The park contains 66 bird species, 48 butterfly species, 29 reptile species, and 17 amphibian species. Among its wildlife, feral cats—slightly larger than domestic cats—have been reported, along with wild rabbits, which have proliferated in the areas of La Nevera and Sabana Quéliz. Endemic bird species include the palmchat (Dulus dominicus). Among reptiles and amphibians, the park is home to Anolis lizards and numerous frog species from the Eleutherodactylus genus, which rely on the park as one of their last refuges.

== Geology ==
The park features geological formations dating back to the Cretaceous period. Evidence of glacial activity, particularly in the highest areas such as Alto de la Bandera, includes cirques, ridges, glacial channels, moraines, and depressions filled with peat.

== Human impact ==
=== Tourism ===
Tourist attractions within the park include the 60-meter Aguas Blancas waterfall, the Cyclopean Pyramid, Alto de la Bandera, and the monument to Francisco Caamaño. Villa Pajón offers limited lodging within the park, while the Divino Niño statue stands atop a 20-meter hill.

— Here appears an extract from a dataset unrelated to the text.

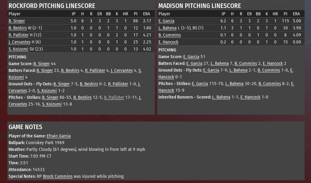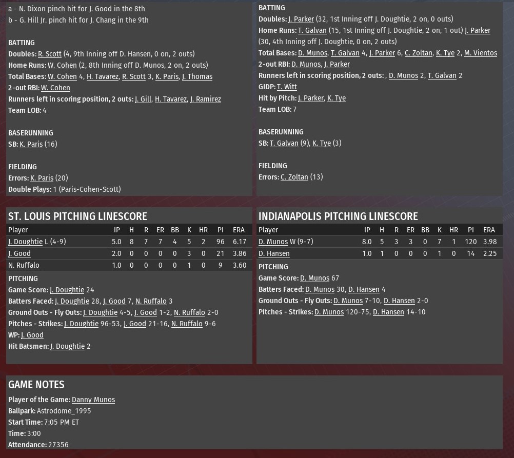 Milwaukee pummeled St. Louis starting pitcher Ronald Crossingham for six runs in the first four innings, and the Crushers rode that to a 9-5 win at Miller Park. The victory gave the Crushers wins in the final two games of their three-game series with the River Walkers. Erik Rivera scored the first run of the game for Milwaukee, leading off the bottom of the first with a single off Crossingham. A bunt moved Rivera to second. He scored on a two-out single by Pete Crow-Armstrong. The Crushers busted the game open by scoring three times in both the third and fourth innings. Nicolas Thibault hit a two-run homer off Crossingham in the third. Drew Mendoza and Cayden Wallace followed the homer with back-to-back doubles to make it 4-0. In the fourth, Rivera hit the first of his two homers in the game, this one a two-run blast off Crossingham. Thibault later doubled off Oscar Martinez and scored on a single by Crow-Armstrong, which was misplayed by right fielder Nathaniel Dixon. A three-run top of the fifth, highlighted by a two-run single by Wes Cohen off Crushers starter George McCardel, did pull St. Louis to within 7-3. But Milwaukee got back-to-back homers from Rivera and Rogelio Mercado off Nick Ruffalo to open the bottom of the sixth to push the lead back to 9-3. McCardel didn't pitch long enough to earn the win, allowing three runs on five hits in 4.2 innings. The victory went to Ed Sutherland (2-0), who finished the fifth and worked the sixth. Jeff Munn gave up a run while working the seventh. Scott Mueller kept the Walkers silent in the eighth and ninth to close out the game. |

=== Agricultural impact ===
Approximately 10% of the park’s area is used for agriculture. Deforestation has altered the microclimate, and the loss of 75% of historical manaclar forests has significantly impacted local wildlife. Around 4,000 people live in 20 agricultural communities within the park, with the highest concentration in the southern areas near La Nuez and La Horma.